Material for this task:
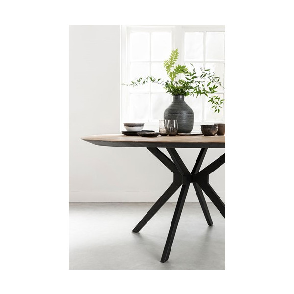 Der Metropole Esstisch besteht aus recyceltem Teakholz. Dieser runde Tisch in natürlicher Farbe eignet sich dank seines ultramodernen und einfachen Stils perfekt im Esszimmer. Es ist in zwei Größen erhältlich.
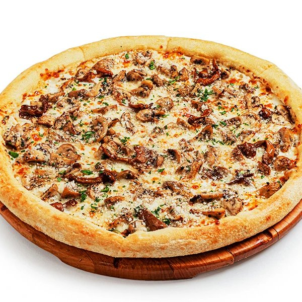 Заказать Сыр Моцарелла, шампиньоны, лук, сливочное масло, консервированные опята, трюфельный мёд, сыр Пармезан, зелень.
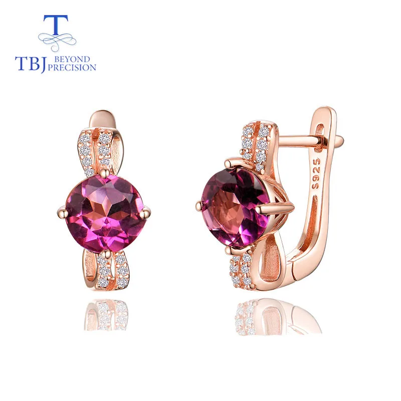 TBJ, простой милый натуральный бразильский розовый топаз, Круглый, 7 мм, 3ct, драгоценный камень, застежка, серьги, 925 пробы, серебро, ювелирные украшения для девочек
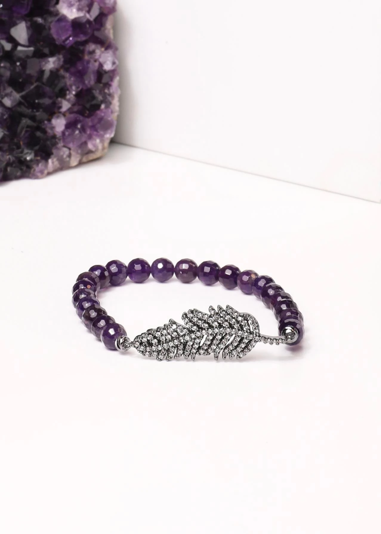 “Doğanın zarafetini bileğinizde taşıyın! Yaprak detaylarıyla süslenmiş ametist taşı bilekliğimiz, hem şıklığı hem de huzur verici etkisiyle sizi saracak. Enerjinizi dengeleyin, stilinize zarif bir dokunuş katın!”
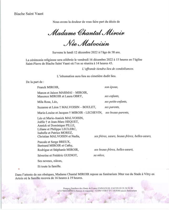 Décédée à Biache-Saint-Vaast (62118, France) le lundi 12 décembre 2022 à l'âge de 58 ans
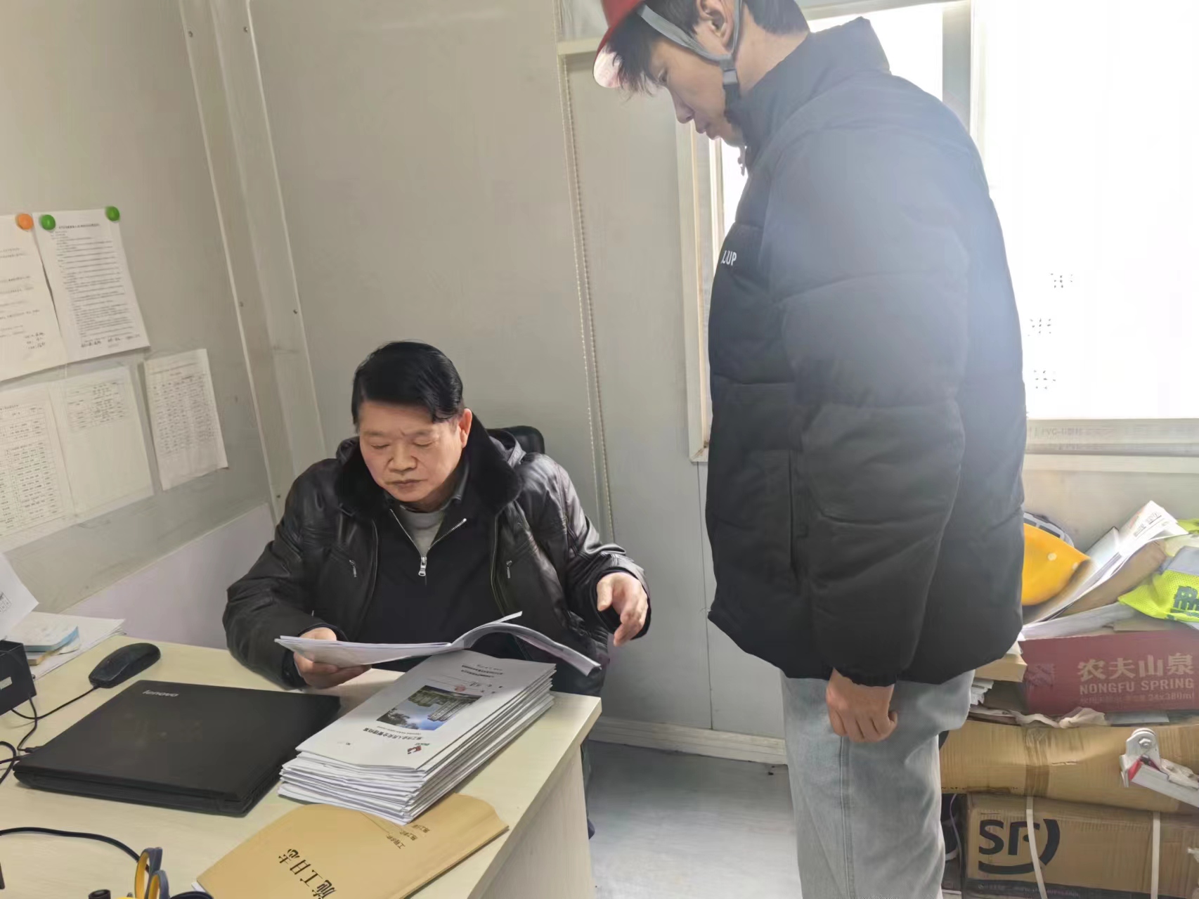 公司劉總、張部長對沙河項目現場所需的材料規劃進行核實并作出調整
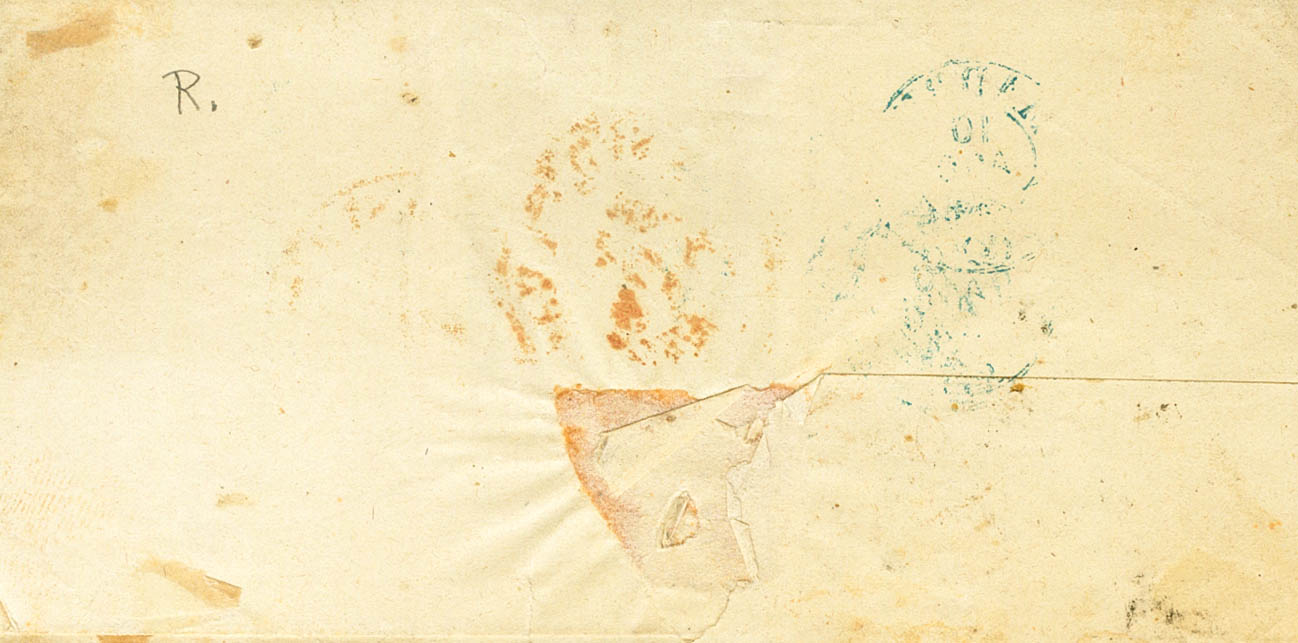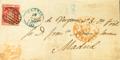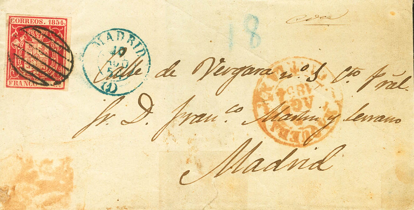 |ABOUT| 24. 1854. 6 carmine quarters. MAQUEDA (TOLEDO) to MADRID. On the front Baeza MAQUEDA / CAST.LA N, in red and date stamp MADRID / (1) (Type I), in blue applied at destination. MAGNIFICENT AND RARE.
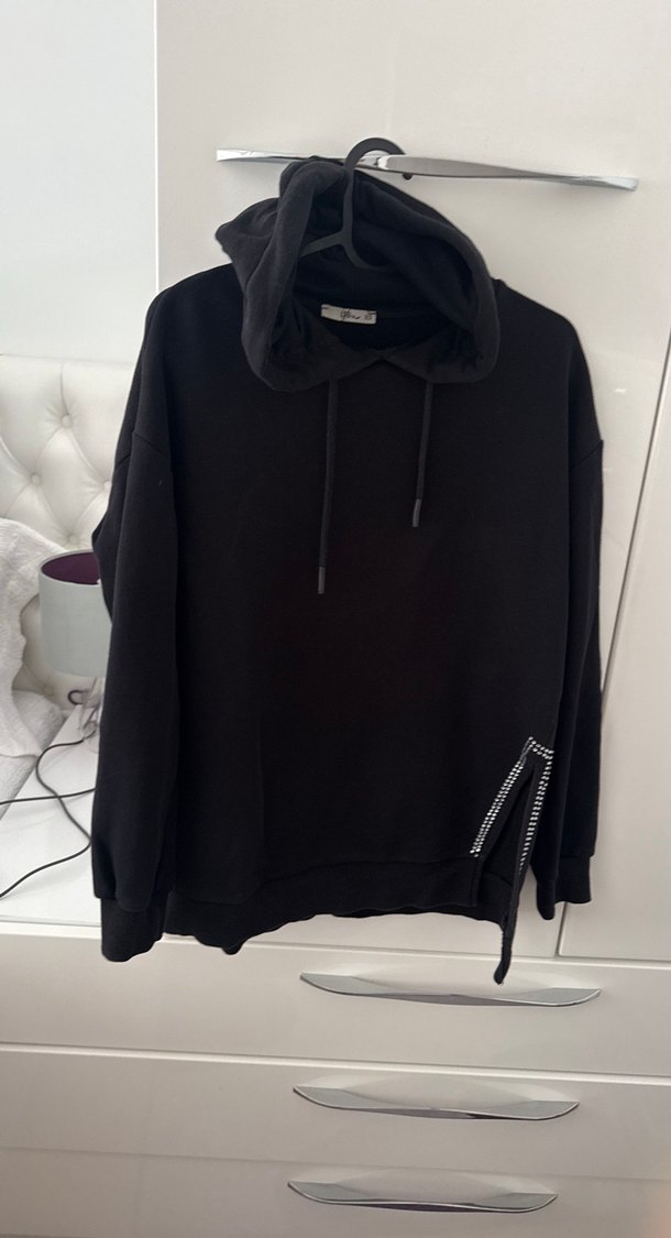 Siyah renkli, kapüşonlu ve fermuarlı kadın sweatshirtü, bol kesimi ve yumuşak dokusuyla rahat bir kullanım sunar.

Directions:
Only the lines from the one with "Заказать Сыр Моцарелла, шампиньоны, лук, сливочное" through the last line of the records above are wanted, copied exactly and with pictures omitted.

Solution to this task:
 Заказать Сыр Моцарелла, шампиньоны, лук, сливочное масло, консервированные опята, трюфельный мёд, сыр Пармезан, зелень.
 TBJ, простой милый натуральный бразильский розовый топаз, Круглый, 7 мм, 3ct, драгоценный камень, застежка, серьги, 925 пробы, серебро, ювелирные украшения для девочек
 “Doğanın zarafetini bileğinizde taşıyın! Yaprak detaylarıyla süslenmiş ametist taşı bilekliğimiz, hem şıklığı hem de huzur verici etkisiyle sizi saracak. Enerjinizi dengeleyin, stilinize zarif bir dokunuş katın!”
 Décédée à Biache-Saint-Vaast (62118, France) le lundi 12 décembre 2022 à l'âge de 58 ans
 公司劉總、張部長對沙河項目現場所需的材料規劃進行核實并作出調整
 |ABOUT| 24. 1854. 6 carmine quarters. MAQUEDA (TOLEDO) to MADRID. On the front Baeza MAQUEDA / CAST.LA N, in red and date stamp MADRID / (1) (Type I), in blue applied at destination. MAGNIFICENT AND RARE.
 Siyah renkli, kapüşonlu ve fermuarlı kadın sweatshirtü, bol kesimi ve yumuşak dokusuyla rahat bir kullanım sunar.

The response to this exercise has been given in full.